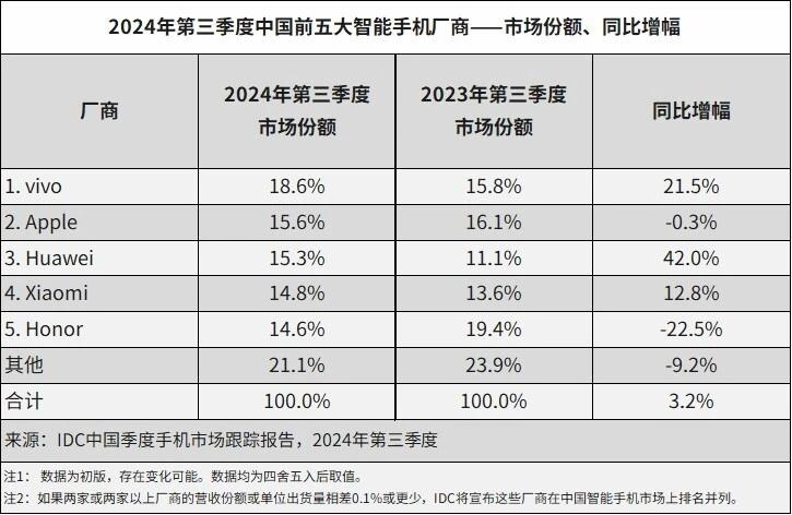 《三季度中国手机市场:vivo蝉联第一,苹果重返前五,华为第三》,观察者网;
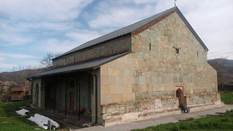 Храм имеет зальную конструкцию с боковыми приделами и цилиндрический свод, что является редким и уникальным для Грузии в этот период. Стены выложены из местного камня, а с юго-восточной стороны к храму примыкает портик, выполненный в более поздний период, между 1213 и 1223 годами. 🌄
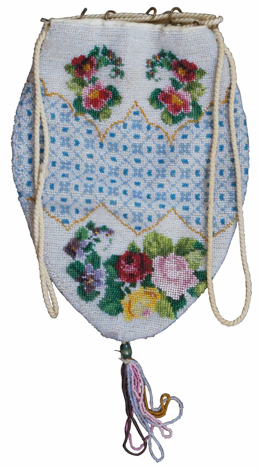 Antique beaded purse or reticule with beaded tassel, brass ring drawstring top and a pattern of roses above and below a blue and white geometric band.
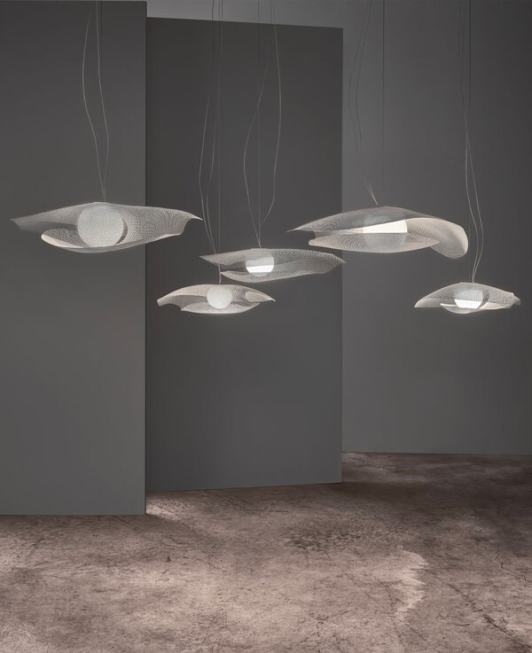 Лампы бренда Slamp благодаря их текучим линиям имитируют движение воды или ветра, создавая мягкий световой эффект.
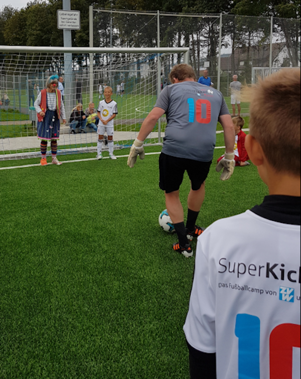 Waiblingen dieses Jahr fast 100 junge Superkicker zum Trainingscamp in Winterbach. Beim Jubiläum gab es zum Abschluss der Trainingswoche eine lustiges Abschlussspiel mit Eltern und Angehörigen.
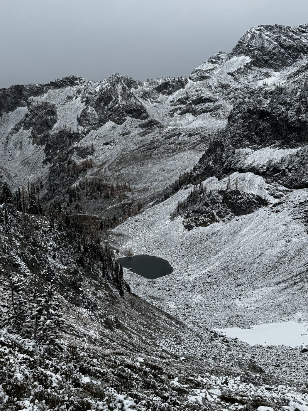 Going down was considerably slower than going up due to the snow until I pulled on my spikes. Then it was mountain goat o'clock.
==========
> _Required work_: Only the lines from the line with "Antique beaded purse" through the final line of the material belong in the answer, copied exactly and without pictures.

> _Written solution_:
 Antique beaded purse or reticule with beaded tassel, brass ring drawstring top and a pattern of roses above and below a blue and white geometric band.
 Лампы бренда Slamp благодаря их текучим линиям имитируют движение воды или ветра, создавая мягкий световой эффект.
 Waiblingen dieses Jahr fast 100 junge Superkicker zum Trainingscamp in Winterbach. Beim Jubiläum gab es zum Abschluss der Trainingswoche eine lustiges Abschlussspiel mit Eltern und Angehörigen.
 Going down was considerably slower than going up due to the snow until I pulled on my spikes. Then it was mountain goat o'clock.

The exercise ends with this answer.